La cuestión controvertida debe resolverse comprobando si ha existido o no un contrato entre las partes y, particularmente, un contrato de comodato, caracterizado por la cesión gratuíta de la cosa por un tiempo determinado o para un uso concreto y determinado. Si existe, han de aplicarse las normas reguladoras del comodato. Cuando desaparece el uso concreto y determinado al que se ha destinado la cosa -lo que puede suceder cuando se rompe la convivencia conyugal- y el propietario o titular de la cosa no la reclama, la situación de quien la posee es la propia de un precarista. La atribución por resolución judicial del derecho de uso y disfrute de la vivienda no sirve para hacer desaparecer la situación de precario. El tribunal de instancia no ha apreciado en el caso examinado la concurrencia de un uso concreto y determinado en la vivienda cedida, distinto del genérico de servir de hogar, residencia o domicilio conyugal y familiar. Por tanto, se desestima el recurso y se determina que la actual jurisprudencia de la Sala Primera del Tribunal Supremo establece la concurrencia de precario o contrato de comodato en atención a las concretas circunstancias del supuesto.
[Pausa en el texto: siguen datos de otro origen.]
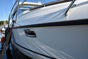 Den generösa bredden och trappstegen, möjliggör enkel passage från badplattformen direkt upp på skarndäck, vilket ger en känsla av walkaround. Det är lätt och säkert att röra sig akteröver ut mot den magnifika badplattformen. Här finns det gott plats för solstolar och badleksaker och nedsänkt i badplattformen döljer sig flera smarta luckor för förvaring. Här gömmer sig även det rostfria elmanövrerade ankaret.

Reglas de análisis para decidir la controversia. Aunque se estime que estamos ante un comodato, por cesar la convivencia conyugal desaparece el uso concreto y determinado al que eventualmente pudiera considerarse que fue destinada la vivienda cedida y esta situación no se ve afectada por la atribución judicial a la esposa demandada del derecho de uso y disfrute de la vivienda en su condición de vivienda familiar, pues semejante declaración jurisdiccional no conforma un derecho nuevo, ni confiere mayor vigor jurídico que el correspondiente al precario, que pueda oponerse eficazmente frente a un tercero en la relación y en el proceso matrimonial que pretende, contando con título jurídico bastante para ello, la recuperación posesoria del inmueble.

Demanda de desahucio por precario interpuesta por los propietarios de un inmueble frente a la ex esposa de su hijo tras la separación, puesto que el piso fue cedido como vivienda conyugal y familiar. La demandada opone la existencia de una resolución judicial que le autoriza a seguir ocupando la vivienda al ser considerada esta como vivienda familiar donde han de vivir los hijos y la demandada. No nos hallamos ante un comodato puesto que el préstamo del piso lo fue para un uso concreto que ya no puede ser ( vivienda conyugal), por lo que la demandada se encuentra en situación de precario. La sentencia judicial no constituye título hábil al fin de otorgar un derecho de uso y disfrute de la vivienda a la esposa demandada, puesto que dicha resolución es inoponible frente a terceros ajenos a las relaciones entre los cónyuges y al proceso matrimonial en el que son partes.